100 Stories1990 Global front-runner acrylonitrile business

Asahi Kasei's acrylonitrile (AN) business, which boasts the largest annual production capacity in Asia and the second largest in the world, is expanding its market worldwide.

Asahi Kasei's AN business began in 1960 with a license agreement with Sohio Corporation. However, the technology exchange agreement expired in 1977, and the two companies went their separate ways in catalyst development and other areas. However, the perpetual confidentiality agreement included in the original contract continued to be a stumbling block to Asahi Kasei's overseas expansion.

Signs of change began to appear ten years later, in 1987, when Sohio was to be merged into BP of the UK. BP used the merger as an opportunity to focus attention on Asahi Kasei's catalyst technology, which had achieved a 5% higher AN yield than its own catalysts. After two years of negotiations, an agreement between Asahi Kasei and BP's U.S. subsidiary, BP Chemicals, was signed in 1990.
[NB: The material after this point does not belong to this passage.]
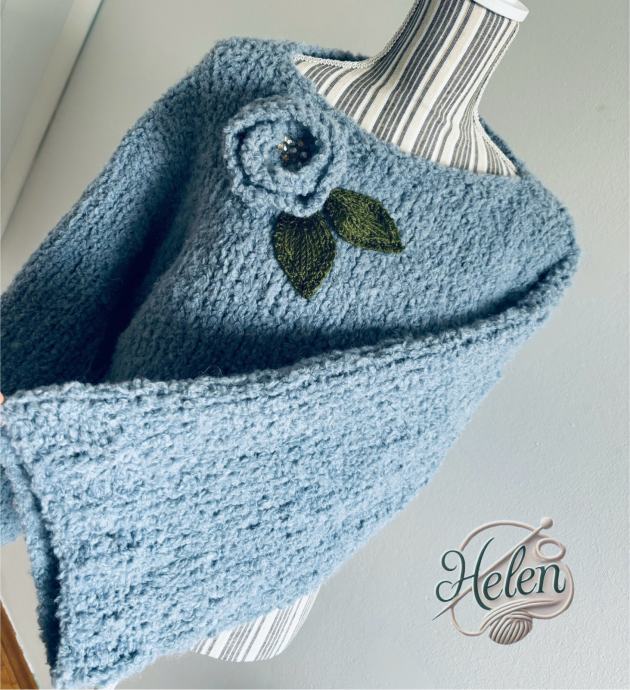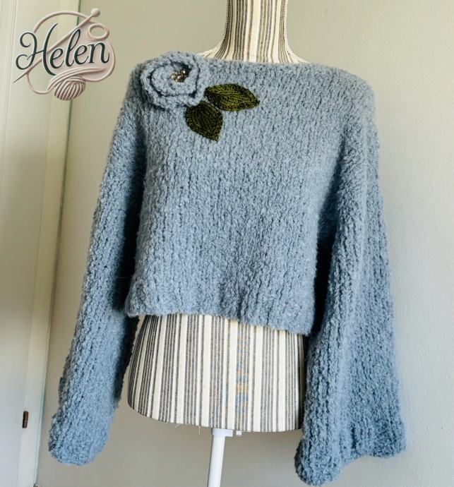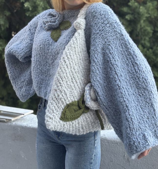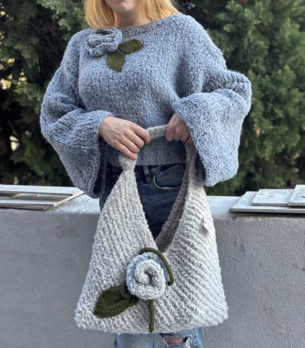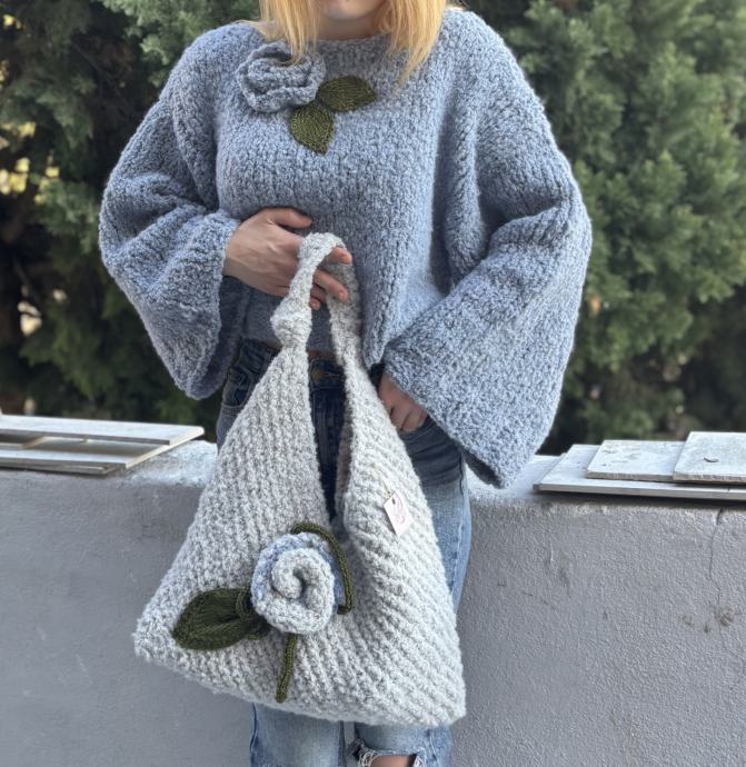 Napravljen od kvalitetnoj vuni , ukrašen pletenom ružom , uz pulover ide torbica koja je u cijeni .

The agreement was a license agreement that allowed BP to manufacture, use, and sell the Asahi catalyst, but for Asahi Kasei, it meant the removal of a long-sought permanent confidentiality agreement. This was a strong statement of intent from Miyazaki (who was chairman at the time) as well as the efforts of the employees involved in the negotiations and the high regard in which they held Asahi catalyst. All of these factors contributed to the successful conclusion of the negotiations. With the confidentiality obligation removed, Asahi Kasei shifted to a global sales strategy.
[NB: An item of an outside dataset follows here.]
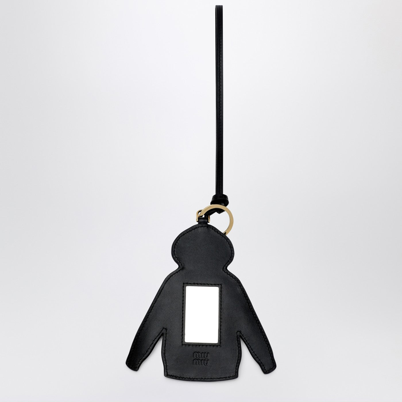 Miu Miu leather keychain characterized by a zip hoodie and metal logo lettering with a gold finish.

In 1994, the Organic Raw Materials Division was established, and three monomer businesses (AN, styrene monomer, and methyl methacrylate(MMA)) were incorporated simultaneously. The company shifted its focus from self-supply to external sales, particularly in the East Asian market, with the goal of becoming the world's No. 1 supplier of AN to the global market.

In fact, the fiber and resin businesses (the main applications for AN at the time), had reached a plateau in Japan, and since fiber is a labor-intensive industry and labor costs account for a large proportion of costs, the manufacturing base shifted to Asia, especially China, where labor costs are low. The international demand structure was changing as demand for ABS resin grew dramatically in South Korea and Taiwan.

Acrylic fiber manufacturers often procure AN in-house, while few ABS resin companies manufacture their own AN. Asahi Kasei's strategy was to enter China and become the No. 1 supplier among the other top Asian companies that did not have AN plants.

In addition, with the development of Asia, the number of independent companies that do not have AN plants is increasing in the textile industry. Unlike other domestic companies, Asahi Kasei, whose confidentiality agreement with BP had been terminated, had the freedom to expand overseas, and with the Asahi catalyst as a major weapon, it was in an advantageous position to compete with European firms. Asahi Kasei decided that it was a growth industry from a global perspective, and started down the path of global expansion.

Kenichi Shibukawa, General Manager of the Organic Raw Materials Division, had the following to say about the company's global expansion.

The four growth markets are Latin America, the Middle East, Africa, and South Asia, ASEAN, and Korea, Taiwan, and China. In these regions, there is a large regional demand gap, but production capacity has barely increased in relation to the growth in demand. In order to strengthen sales in these growth markets, we would like to establish a market-specific production system, or what we call a global operation system.

The AN business had potential, but was hamstrung. However, Asahi Kasei was determined to take advantage of the opportunity, and once it did, it set its sights on a major goal.